Fernstein expresó su irritación con un gesto de la cabeza y alzando la voz. No tenía por qué recibir lecciones. ¿Sabía Stern el coste de un día de reanimación? ¿Creía que el hospital iba a ocupar una cama para mantener artificialmente con vida a un «vegetal»? Lo invitó vivamente a madurar un poco. Se negaba a que una familia tuviera que pasar semanas enteras junto a la cabecera de un ser inerte y sin inteligencia, mantenido con vida gracias a las máquinas. Se negaba a ser responsable de ese tipo de decisiones, simplemente para satisfacer el ego de un médico.

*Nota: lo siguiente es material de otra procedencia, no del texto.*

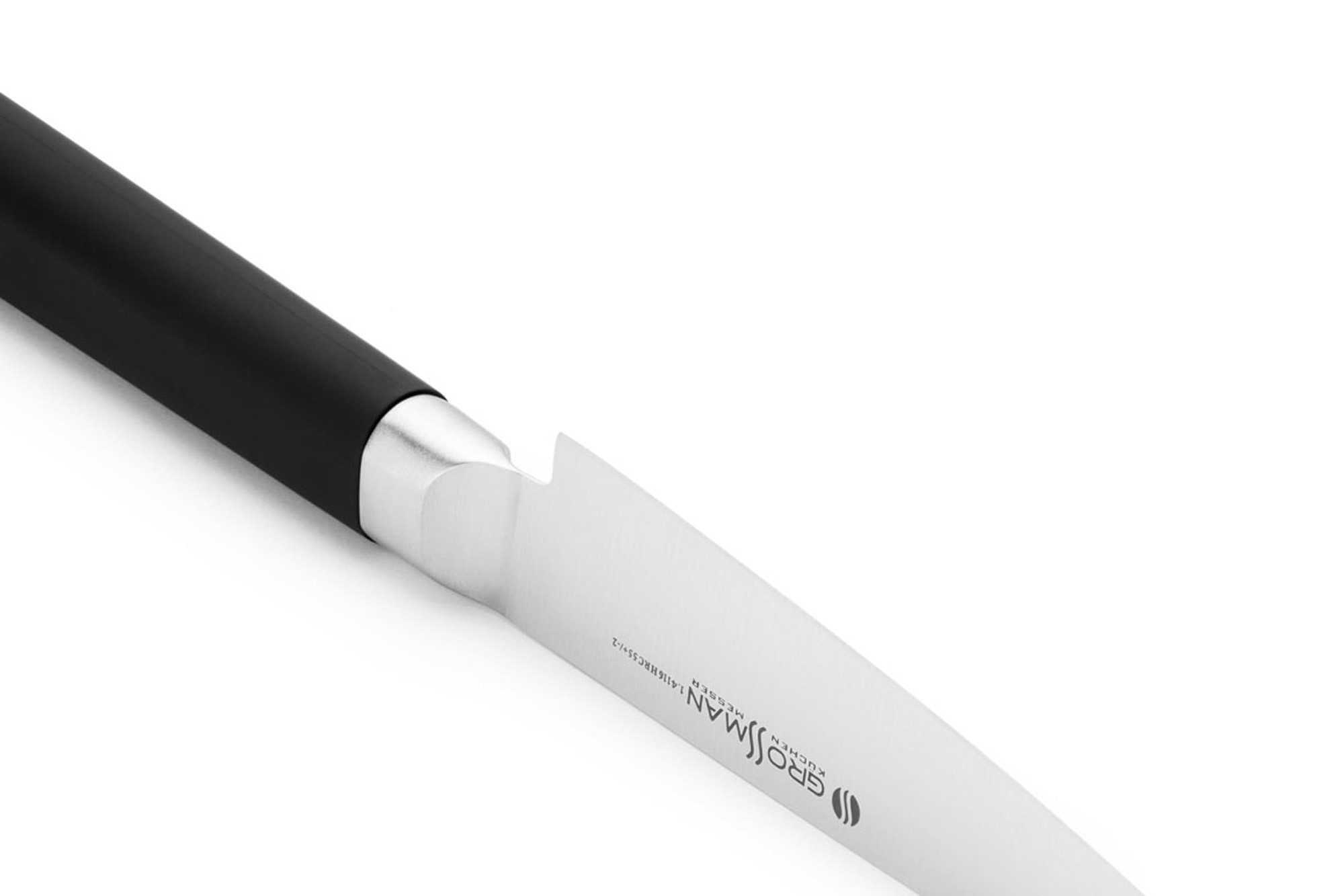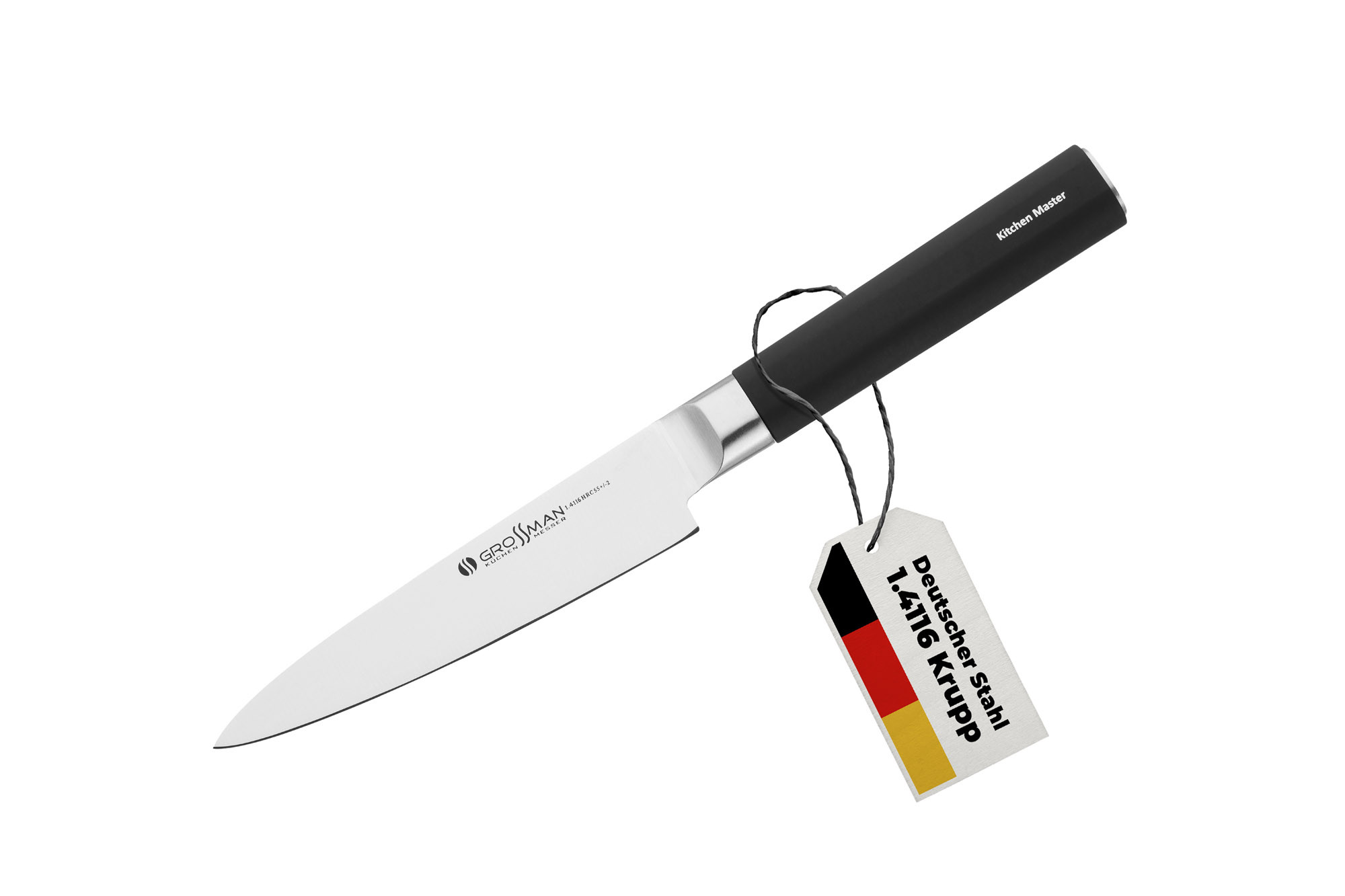 Звичайно, кожен кухар скаже, що кухонний ніж має бути якісним ножем. І нехай, на домашній кухні ковані ексклюзиви для профі часто виглядають деякою надмірністю, все ж таки, розумним буде купити універсальний ніж з якісної нержавіючої сталі за розумною ціною. І саме таким оптимальним варіантом, що поєднує розумну ціну та гідне виконання, є кухонні ножі від GROSSMAN.
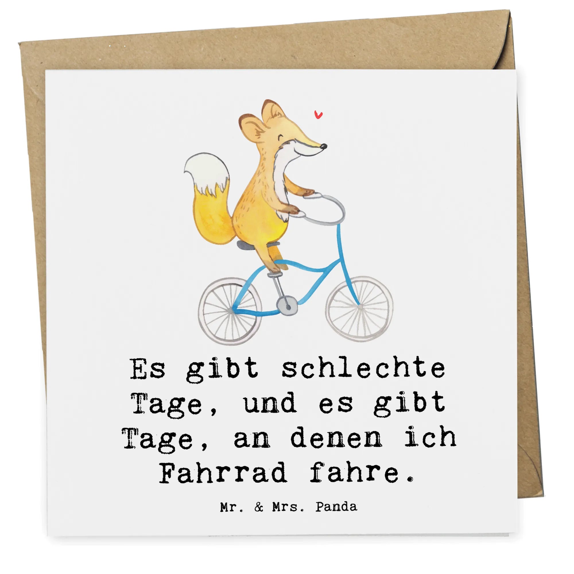 Deluxe Karte „Fuchs Fahrrad fahren Tage“ – die perfekte Grußkarte für alle Fahrradfans! 🚴♂️🐾 Dieses liebevoll illustrierte Motiv aus der Hobby & Sport Kollektion von Mr. & Mrs. Panda zeigt einen fröhlichen Fuchs, der begeistert Fahrrad fährt. Der passende Spruch „Es gibt schlechte Tage, und es gibt Tage, an denen ich Fahrrad fahre.“ bringt das Gefühl von Freiheit und Glück auf den Punkt.

Le ordenó a Stern que desapareciese de su vista y que fuera a darse una ducha. El joven interno siguió plantado frente al profesor, defendiendo con ardor su postura. Cuando había certificado la muerte, su paciente estaba en parada cardiorrespiratoria desde hacía diez minutos. Su corazón y sus pulmones habían dejado de vivir. Sí, se había obcecado porque por primera vez desde que era médico había notado que alguien, aquella mujer, no quería morir.

Le describió cómo, tras sus ojos abiertos, la había sentido luchar, negarse a irse.

Entonces había luchado junto a ella saltándose las normas, y diez minutos más tarde, en contra de toda lógica, en contra de todo lo que le habían enseñado, su corazón había comenzado a palpitar de nuevo, sus pulmones a inspirar y a espirar aire, un soplo de vida.

– Tiene razón -prosiguió-, somos médicos y no lo sabemos todo. Esa mujer también es médico.

Le suplicó a Fernstein que le diera una posibilidad. Se habían visto comas de más de seis meses que volvían a la vida sin que nadie entendiera por qué. Lo que ella había hecho no lo había hecho nunca nadie, así que daba igual lo que costara.

– No deje que se vaya, no quiere. Es lo que nos está diciendo.

El profesor esperó unos instantes antes de responder.

– Doctor Stern, Lauren era alumna mía. Tenía un carácter endemoniado, pero también un gran talento. Yo la apreciaba mucho y tenía puestas muchas esperanzas en su carrera, como también las tengo puestas en la de usted. Esta conversación ha terminado.